Dataset section START

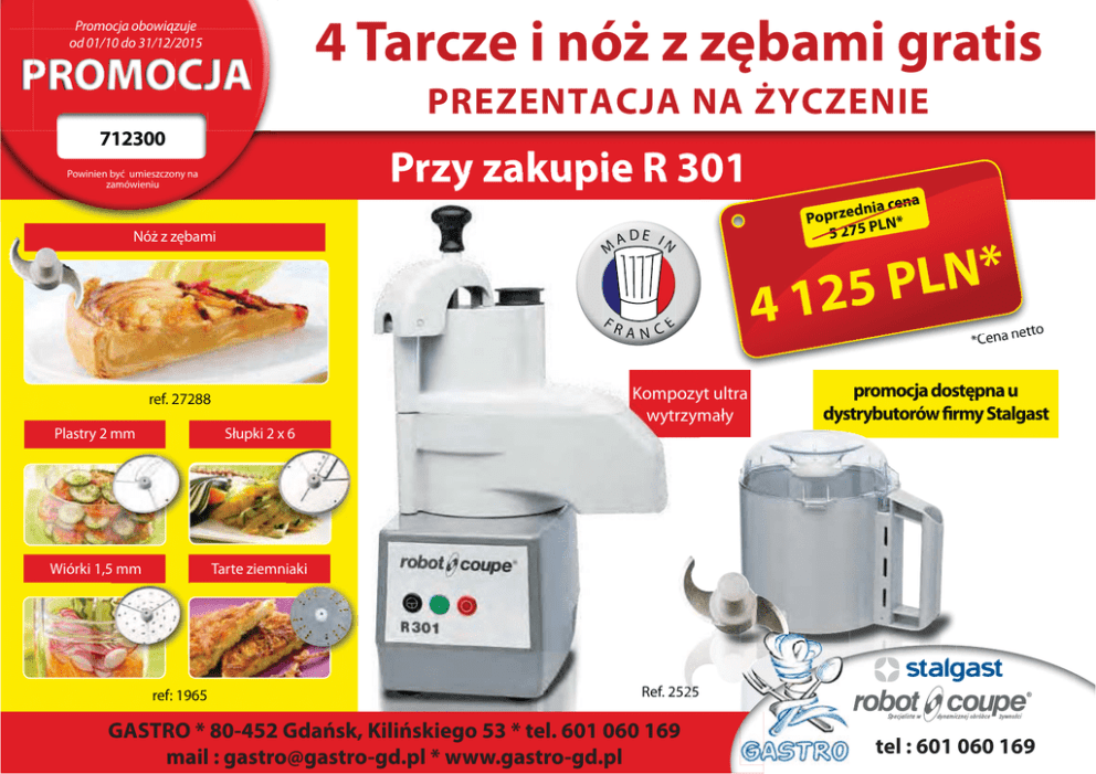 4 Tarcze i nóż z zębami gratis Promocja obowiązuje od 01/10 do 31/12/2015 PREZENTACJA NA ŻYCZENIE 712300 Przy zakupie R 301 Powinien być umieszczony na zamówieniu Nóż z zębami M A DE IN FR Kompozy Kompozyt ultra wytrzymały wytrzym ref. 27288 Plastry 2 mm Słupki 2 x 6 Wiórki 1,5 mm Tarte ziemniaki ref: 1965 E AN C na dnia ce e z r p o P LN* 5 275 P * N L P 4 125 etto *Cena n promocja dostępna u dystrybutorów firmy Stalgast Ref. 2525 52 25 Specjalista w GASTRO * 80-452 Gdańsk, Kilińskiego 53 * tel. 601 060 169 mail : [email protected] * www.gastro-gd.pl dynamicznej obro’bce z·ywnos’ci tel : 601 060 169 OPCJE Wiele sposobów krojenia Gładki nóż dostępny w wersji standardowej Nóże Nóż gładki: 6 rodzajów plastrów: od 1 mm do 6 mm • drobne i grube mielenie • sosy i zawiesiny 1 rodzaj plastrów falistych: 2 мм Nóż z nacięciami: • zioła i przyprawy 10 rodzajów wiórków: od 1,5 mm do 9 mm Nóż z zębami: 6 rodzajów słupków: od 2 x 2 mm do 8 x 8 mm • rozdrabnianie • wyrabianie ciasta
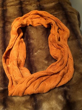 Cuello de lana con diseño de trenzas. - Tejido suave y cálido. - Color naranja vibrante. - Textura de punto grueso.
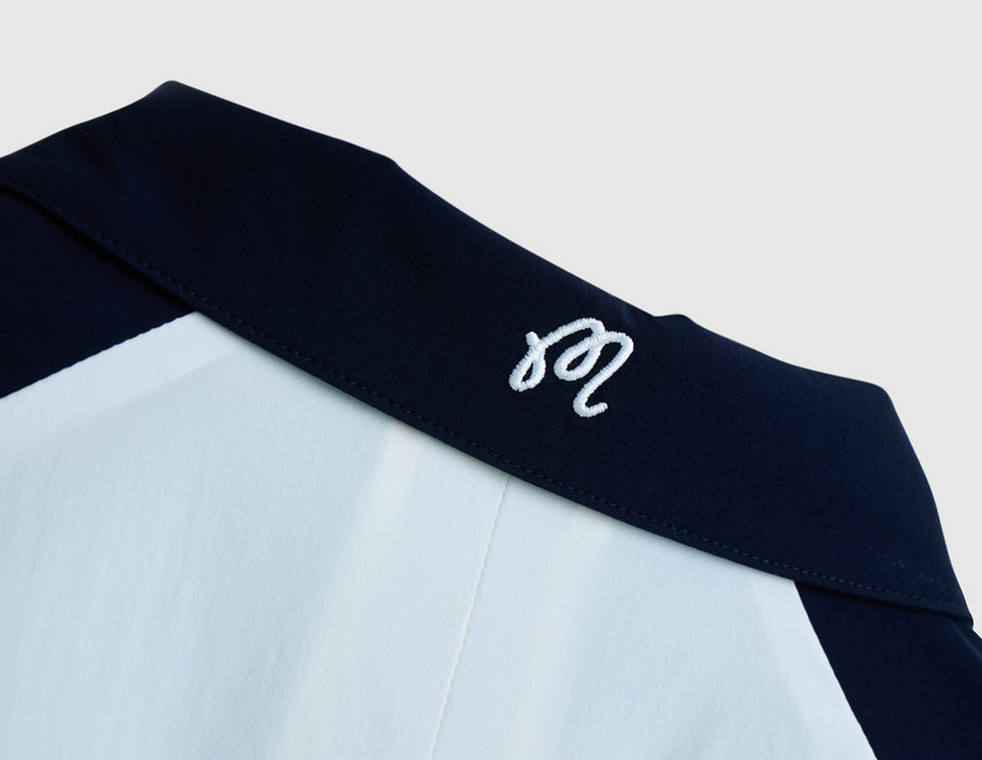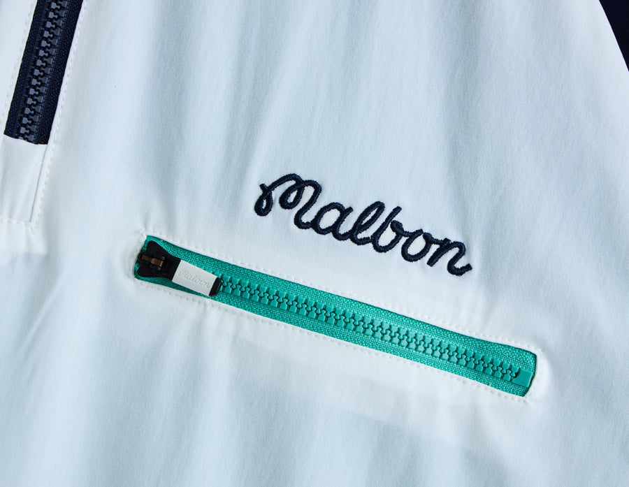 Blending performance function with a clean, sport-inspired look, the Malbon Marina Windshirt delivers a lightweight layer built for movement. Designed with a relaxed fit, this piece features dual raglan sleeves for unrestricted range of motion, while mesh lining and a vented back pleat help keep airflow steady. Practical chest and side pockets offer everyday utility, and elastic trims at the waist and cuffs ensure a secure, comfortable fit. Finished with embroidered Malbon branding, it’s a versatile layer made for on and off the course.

Dataset section END

- _Your instructions_
Output the listing exactly, pictures excluded.

- _Solution to this exercise_
 4 Tarcze i nóż z zębami gratis Promocja obowiązuje od 01/10 do 31/12/2015 PREZENTACJA NA ŻYCZENIE 712300 Przy zakupie R 301 Powinien być umieszczony na zamówieniu Nóż z zębami M A DE IN FR Kompozy Kompozyt ultra wytrzymały wytrzym ref. 27288 Plastry 2 mm Słupki 2 x 6 Wiórki 1,5 mm Tarte ziemniaki ref: 1965 E AN C na dnia ce e z r p o P LN* 5 275 P * N L P 4 125 etto *Cena n promocja dostępna u dystrybutorów firmy Stalgast Ref. 2525 52 25 Specjalista w GASTRO * 80-452 Gdańsk, Kilińskiego 53 * tel. 601 060 169 mail : [email protected] * www.gastro-gd.pl dynamicznej obro’bce z·ywnos’ci tel : 601 060 169 OPCJE Wiele sposobów krojenia Gładki nóż dostępny w wersji standardowej Nóże Nóż gładki: 6 rodzajów plastrów: od 1 mm do 6 mm • drobne i grube mielenie • sosy i zawiesiny 1 rodzaj plastrów falistych: 2 мм Nóż z nacięciami: • zioła i przyprawy 10 rodzajów wiórków: od 1,5 mm do 9 mm Nóż z zębami: 6 rodzajów słupków: od 2 x 2 mm do 8 x 8 mm • rozdrabnianie • wyrabianie ciasta
 Cuello de lana con diseño de trenzas. - Tejido suave y cálido. - Color naranja vibrante. - Textura de punto grueso.
 Blending performance function with a clean, sport-inspired look, the Malbon Marina Windshirt delivers a lightweight layer built for movement. Designed with a relaxed fit, this piece features dual raglan sleeves for unrestricted range of motion, while mesh lining and a vented back pleat help keep airflow steady. Practical chest and side pockets offer everyday utility, and elastic trims at the waist and cuffs ensure a secure, comfortable fit. Finished with embroidered Malbon branding, it’s a versatile layer made for on and off the course.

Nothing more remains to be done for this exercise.